I was a bit–constipated. Like I hadn’t gone in probably four or five days. Which is normal for me in pregnancy. Pregnancy is already constipating in itself, but then when you add Zofran for the nausea on top of it, it gets really ugly, and you get desperate to try and get things moving and out. But seeing as this is the Internet, and anyone can read these thoughts, I’ll spare you the details. Which is rare for me. #whatfilter
So I needed to go before I got that baby out.
What to do?
One of the nurses suggested an enema. I had always heard of enemas in connection with grandmothers and general geriatricity (made up word), so I was unfamiliar with such things. Let’s just say that a) it felt like a public affair with two nurses in the room assisting. They kept talking about Facebook and things in the middle of the procedure which you might think would lighten the mood. It made it weirder. And b) it was explosive. Like forty-five minutes explosive. You know when you throw up, and your whole body gets involved with the action of spewing things out? It felt like that but just in the opposite direction.
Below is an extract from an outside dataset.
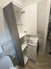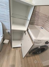 Composto da un'anta superiore e una inferiore, con un vano aperto centrale per esporre oggetti o profumi su ripiano in vetro.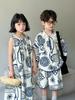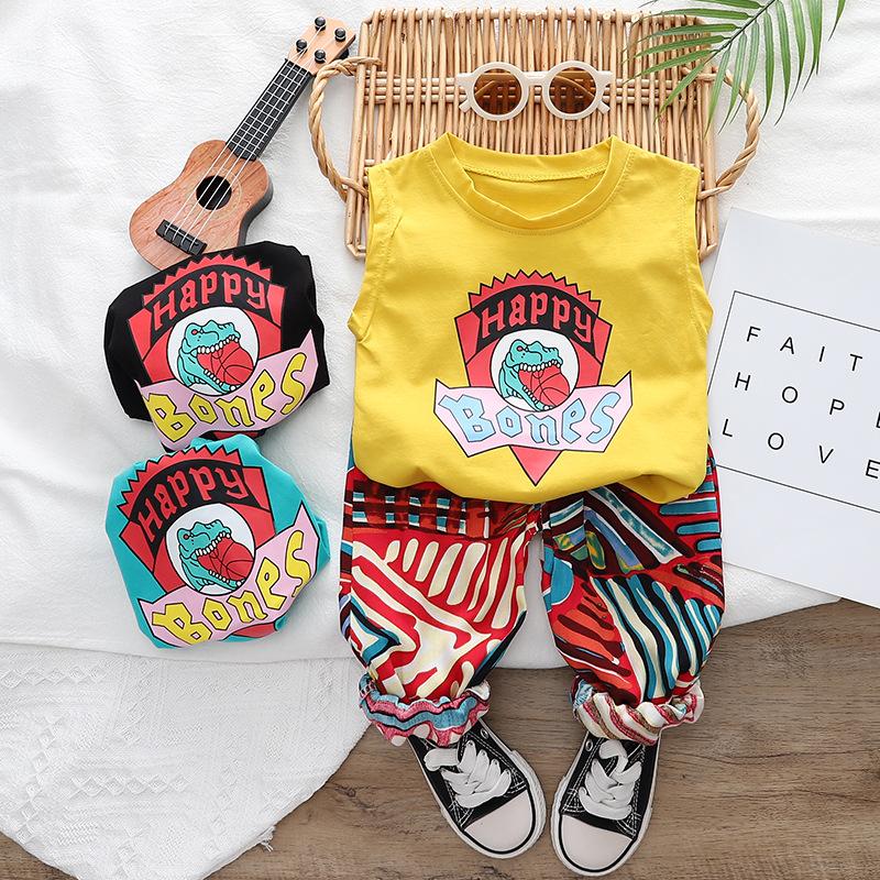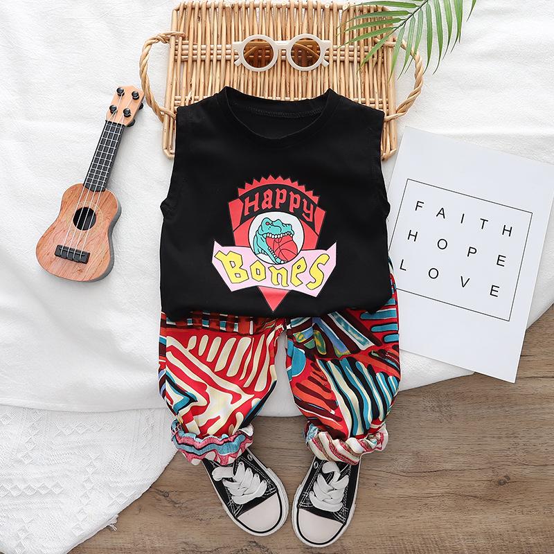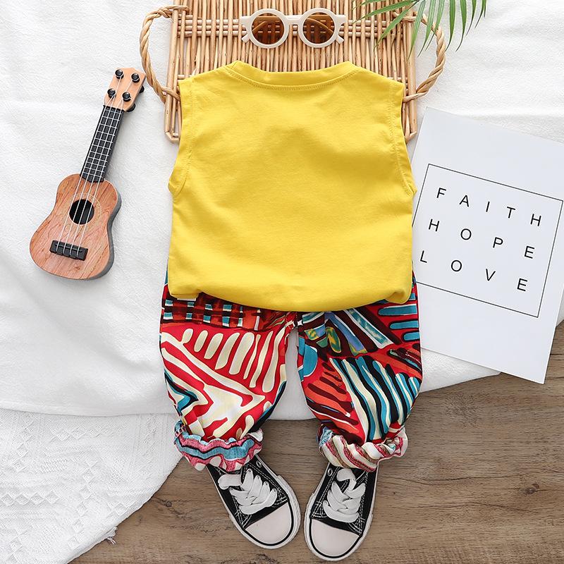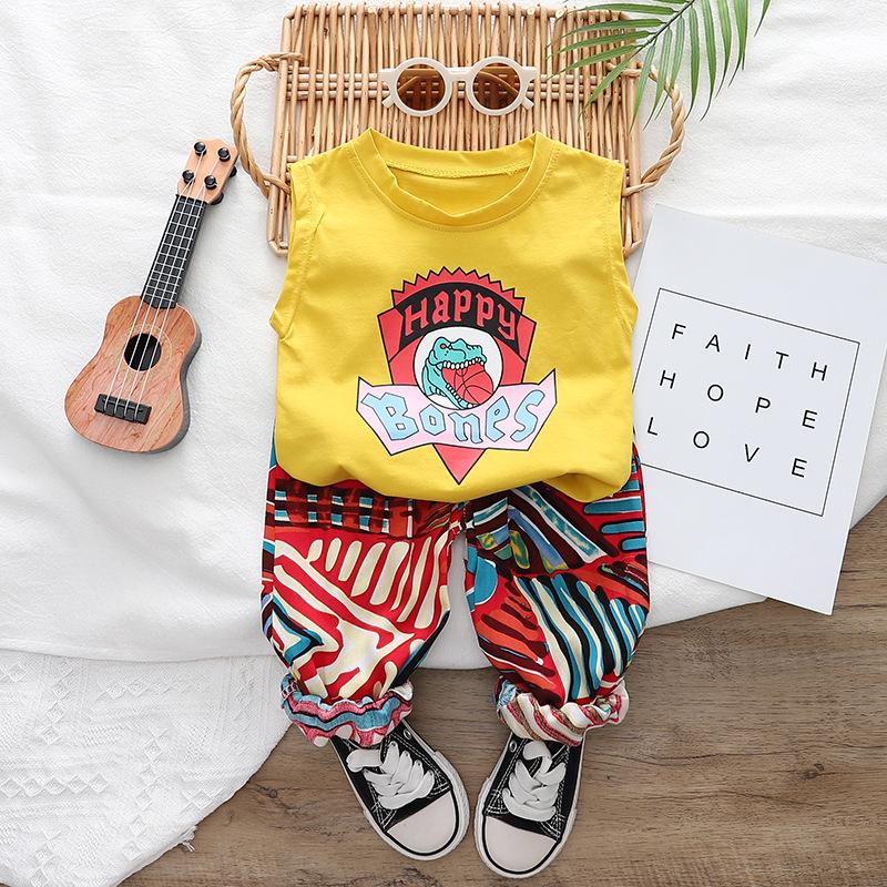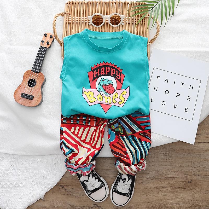 Traje de chaleco de verano nuevo para niños, conjunto informal de dos piezas para niños y niñas, traje de manga corta con dibujos animados de estilo coreano

After that trauma (literally), I invited my mom and husband to come back into the room (because that would have been humiliation x 1000), and some friends came by. At 6:00 pm, they needed to get the induction started, so they gave me the first round of Cytotec which was supposed to make my cervix “supple and ready” for a baby to cram his head through it. Some friends came by. We walked downstairs for dinner. I had one kind of painful contraction, around a 5 on a 10 scale of pain. We hung out some more. I was confortable.
Around midnight, they started the second round of Cytotec as I was now dilated to 4 cm and more effaced.
Our nurses were awesome.
We had three of them who had been working in labor and delivery for nearly 30 years. These gals knew what they were doing. Our main nurse during the delivery asked me how much pain I wanted to be in. I said I don’t know–NONE? The nurse mentioned that, although the doctors don’t like to do it this way, she could have the anesthesiologist give me an epidural PRIOR to the administration of Pitocin.
Now I know what labor feels like from my first experience–like someone cutting you open from the inside. And I know what labor with Pitocin feels like–like someone is cutting you open from the inside and chopping your uterus into tiny pieces at the same time. I had read two of Ina May Gaskin’s books. They sounded good. But not for me.
Seth and I both felt like a pain-free birth option sounded divine and too good to be true. My husband had been a little traumatized by my first birth experience–much more than I was actually. So we were both on board.
They gave me the epidural at 5 am and the Pitocin at 7 am. I slept until 9 am. I woke up, the doctor checked me, and told me I was ready to push. We called everyone to come down. I pushed 1.5 times, and Judah was out, crying, purple, and mad.
And that was it.
The whole thing, aside from that one “painful” contraction, was completely pain free. Now I know this sounds stupid to all the women out there who push for hours and hours, and I get that it sounds stupid, but I’m going to say it anyway. I was just the teensiest bit disappointed that the pushing didn’t last longer. Everything, aside from that enema, was easy.
And that’s when the hormones showed up.
After the birth, I thought I had escaped the hormone storm I had experienced last time with Elliott. Nope. The next day, I started crying and didn’t stop crying until probably three days afterwords. I’m telling you, nature ensures that you keep your child alive, and it does so by making you love this little crying/screaming helpless pile of human so much it actually physically hurts.
Now, I’m nearly four months postpartum, and I’m so glad I’m on the other side of all the child bearing. They’re so bittersweet. I listened to a voice recording I made this time last year; I was so incredibly sick and throwing up and hopeless feeling. I kept telling myself that one day, all that would be over and I would have my son and our family would be SET, and we would all just move on–away from Zofran and rib pain and swollen extremities and maternity clothes and Pitocin. And now, that day is here, and I have another beautiful person I get to share my days with.